Great idea ... especially since I had to buy 5 to get what was needed. I'll install the second one 180 deg from the first.



> socket wrench for odd sizes.


Clamps are rated by tightening torque, and the T-bolt has the highest rating at 75.0 in-lb/8.5 Nm. Conventional worm gear band clamps are rated only half as much.


----------



## tino_ale (Jun 16, 2009)

I agree the bolt looks very dangerous :sick2:


----------



## precisionworks (Jun 16, 2009)

> the bolt looks very dangerous


It only looks that way with the spindle stopped. At 1000 rpm, it is much less imposing:devil:

On a more serious note, there is no reason to ever have contact with the side of the chuck. Every operation is done in the bore, whether boring, polishing, or honing. Hands never get anywhere near the side or the clamp.


----------



## StrikerDown (Jun 16, 2009)

precisionworks said:


> It only looks that way with the spindle stopped. At 1000 rpm, it is much less imposing:devil:
> 
> On a more serious note, there is no reason to ever have contact with the side of the chuck. Every operation is done in the bore, whether boring, polishing, or honing. Hands never get anywhere near the side or the clamp.


 
If you turn the clamp around so the exposed bolt trails and the tapered side of the band leads it would be a little less likely to grab something getting a little too close, not that anything should be getting close


----------



## precisionworks (Jun 18, 2009)

Seven bushings went to the honing shop today, all bored to 1.5625". The Sunnen hone took them out to between 1.5633" and 1.5634" (easy to do with a slow running, fine cutting hone).

As honed, still not smooth enough:






After a maroon Scotchbrite pad and a grey Scotchbrite pad:






Close up - from the hone:






After the nonwoven abrasive:






Off to the hard chrome shop they go


----------



## gadget_lover (Jun 18, 2009)

I don't understand getting a super exact dimension ( between 1.5633" and 1.5634" ) and then using an abrasive pad to smooth it out. 

Is the initial size just to keep them uniform?

Daniel


----------



## precisionworks (Jun 18, 2009)

I wanted these to finish out at 1.5635", but knew the Sunnen hone would not produce the mirror finish needed in this application.
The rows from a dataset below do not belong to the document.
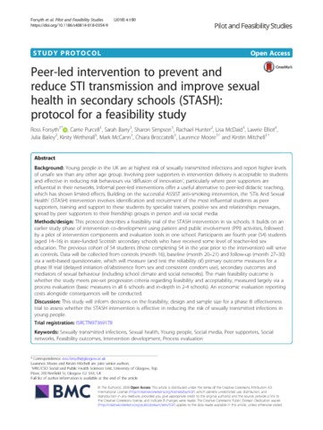 Peer-led intervention to prevent and reduce STI transmission and improve sexual health in secondary schools (STASH): protocol for a feasibility study.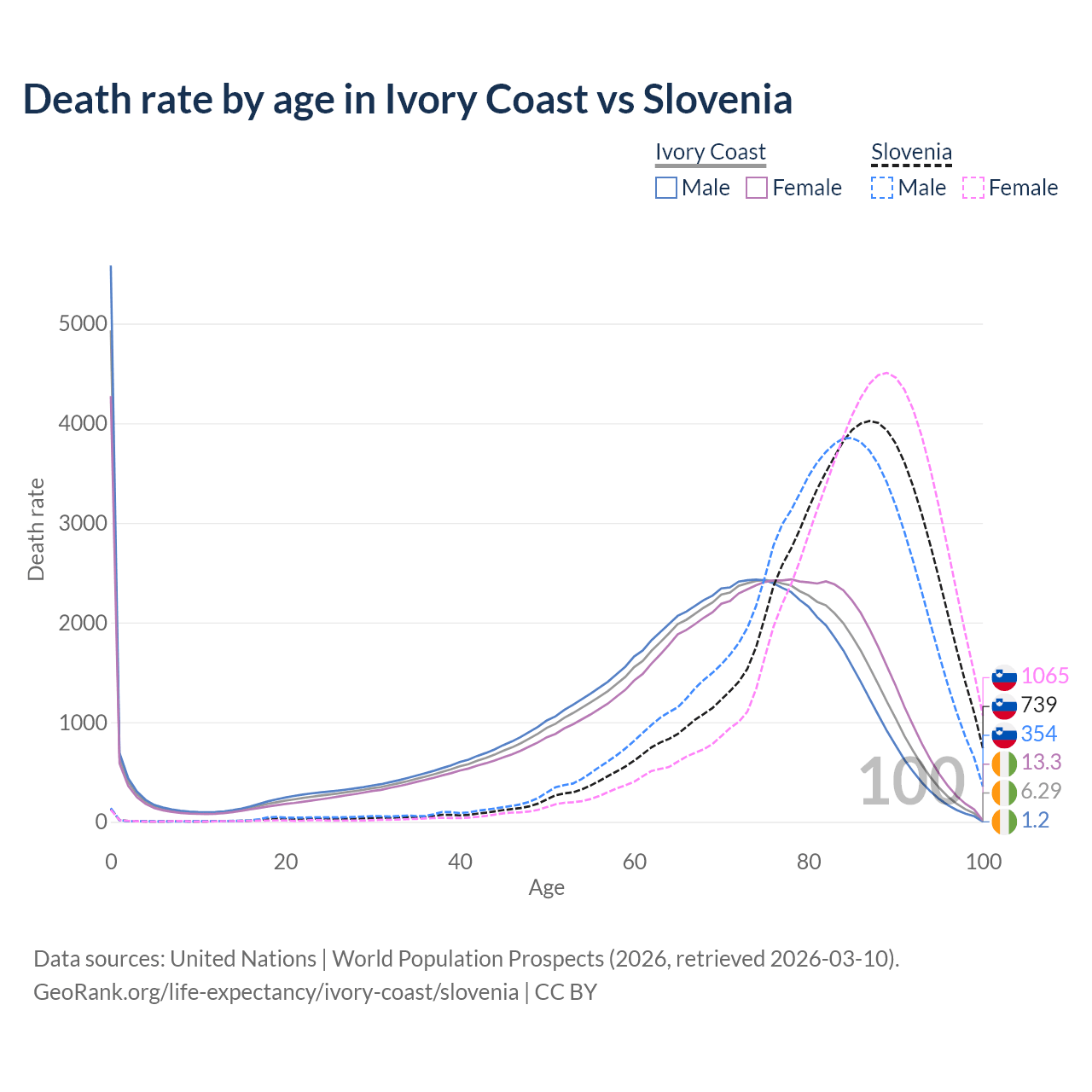 In Ivory Coast, the most common age of death is 0, compared to 87 in Slovenia. The median age of death is 68.6 in Ivory Coast and 84.4 in Slovenia, meaning only half of each cohort is expected to live past that age.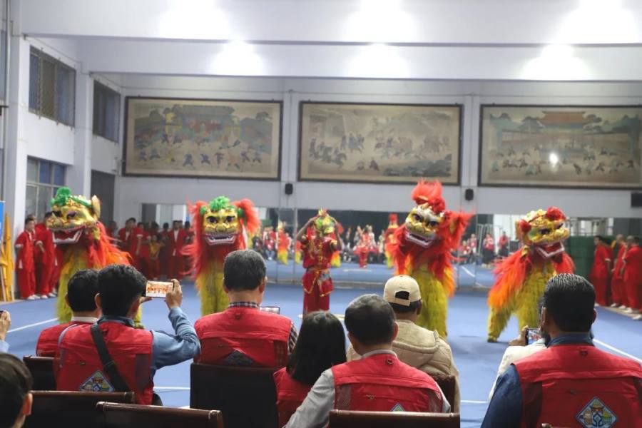 随后,考察团一行走进训练房观看武术展演。舞龙舞狮、刀枪剑棍、各路拳法纷纷亮相,尽显中国武术的博大精深和无限魅力。他们被鹅坡学子的精湛技艺深深吸引,发出阵阵惊叹和掌声。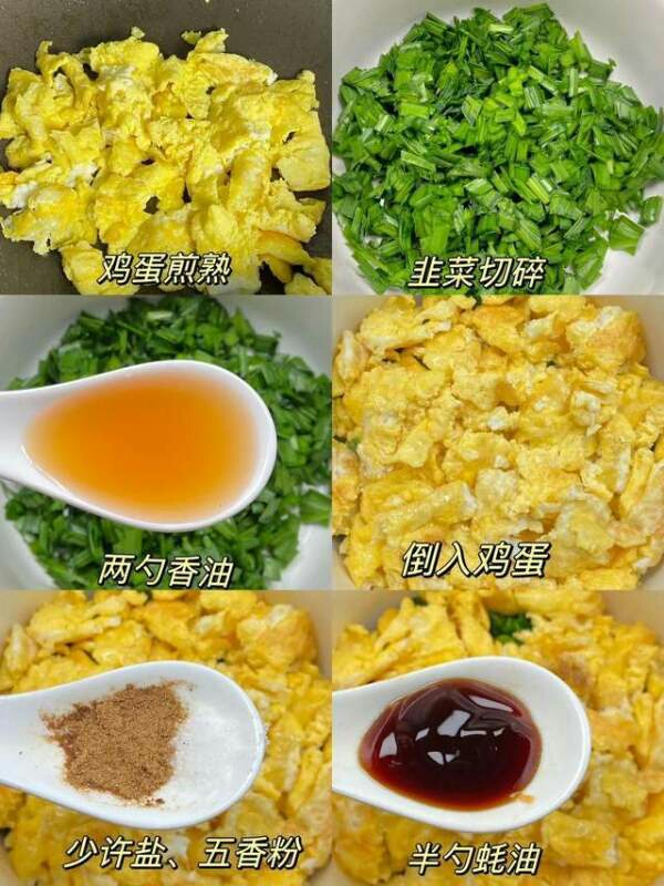 1、先把鸡蛋打成鸡蛋液下锅炒熟捞出,把韭菜切碎备用一起放碗里,加入2勺芝麻油,少许的盐和五香粉,最后来点蚝油,搅拌均匀成韭菜鸡蛋馅。
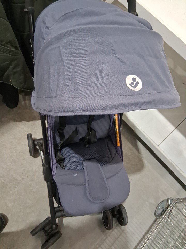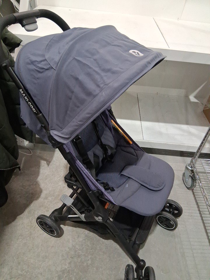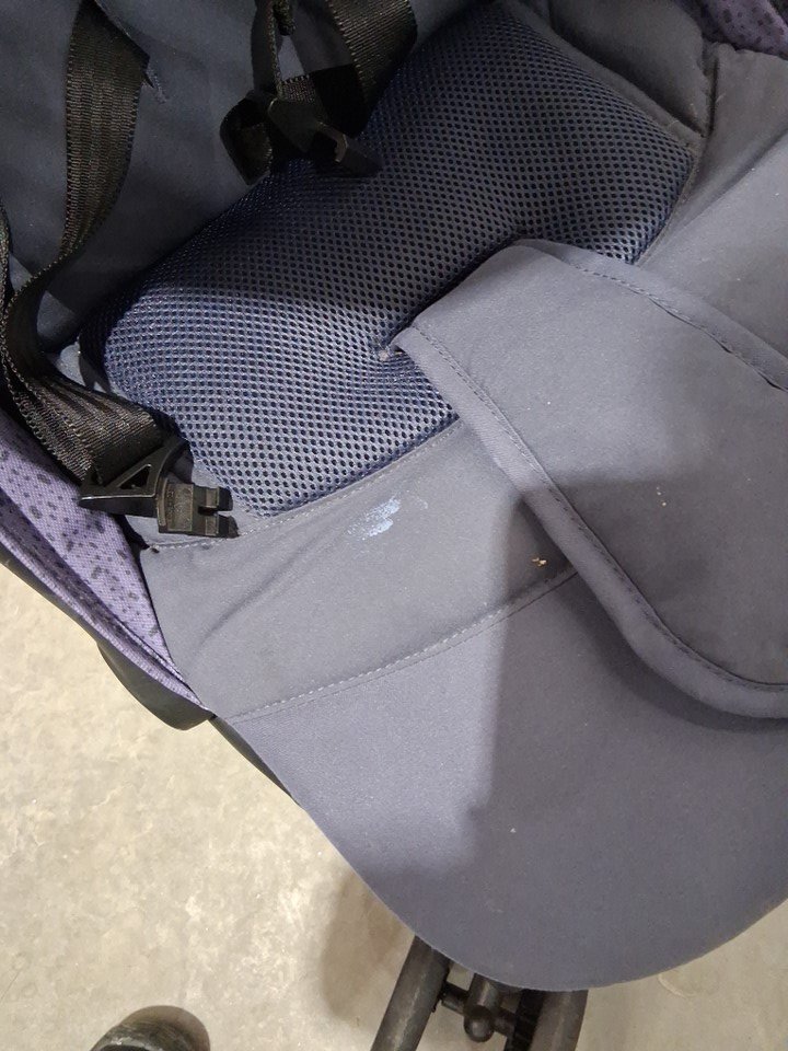there is dirt on the wheels as well as some marks on the fabric from previous use.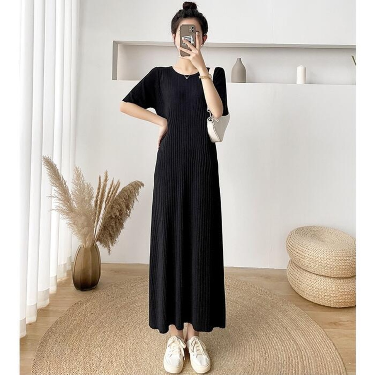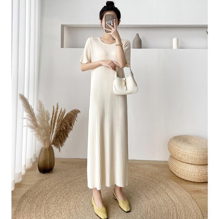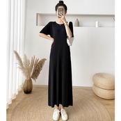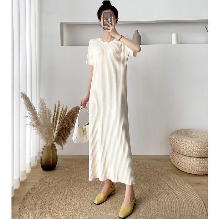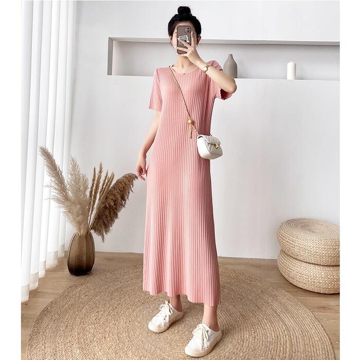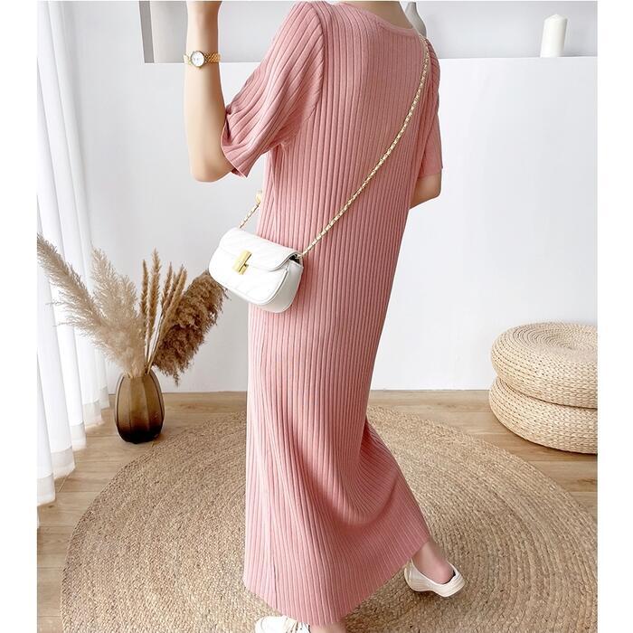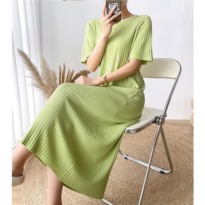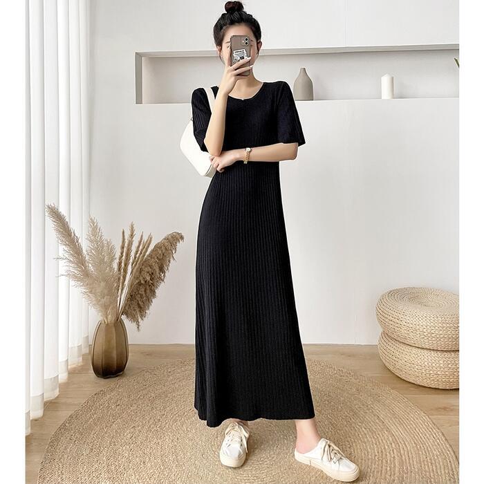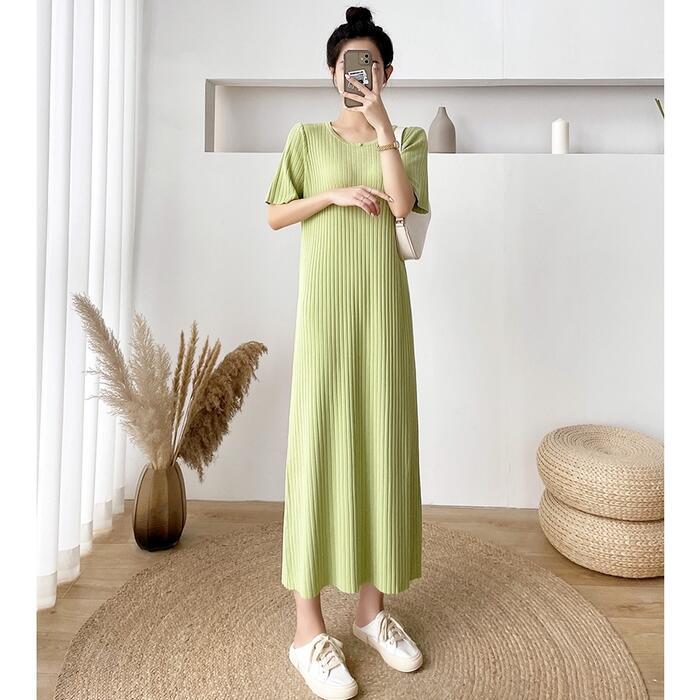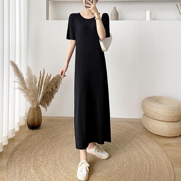 全4色 大きいサイズワンピース ロングワンピ ニット おしゃれ 袖あり ロング丈 半袖 カジュアル レディース ワンピ ドレス きれいめ シンプル 体型カバー 大人 可愛い 楽ちん グリーン 緑 ピンク ベージュ ブラック 黒 春 夏 秋 20代 30代 40代 50代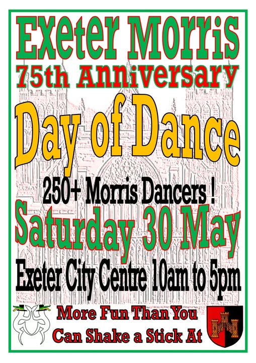 Exeter Morris have invited 15 other Morris sides from the Southwest (from all three Morris groups) to join them on the day, so there will be between 200 and 250 Morris dancers and musicians in attendance.

Maroon Scotchbrite will take out a tenth in about 60 to 90 seconds of constant, oscillating pressure, and the honed finish still had peaks that were .00005" tall. A superfine hone would have more quickly done the same thing, but we were using the finest stones that Sunnen sells.

The pad performs two functions - refining the surface to near mirror, and taking the part to final dimension.


----------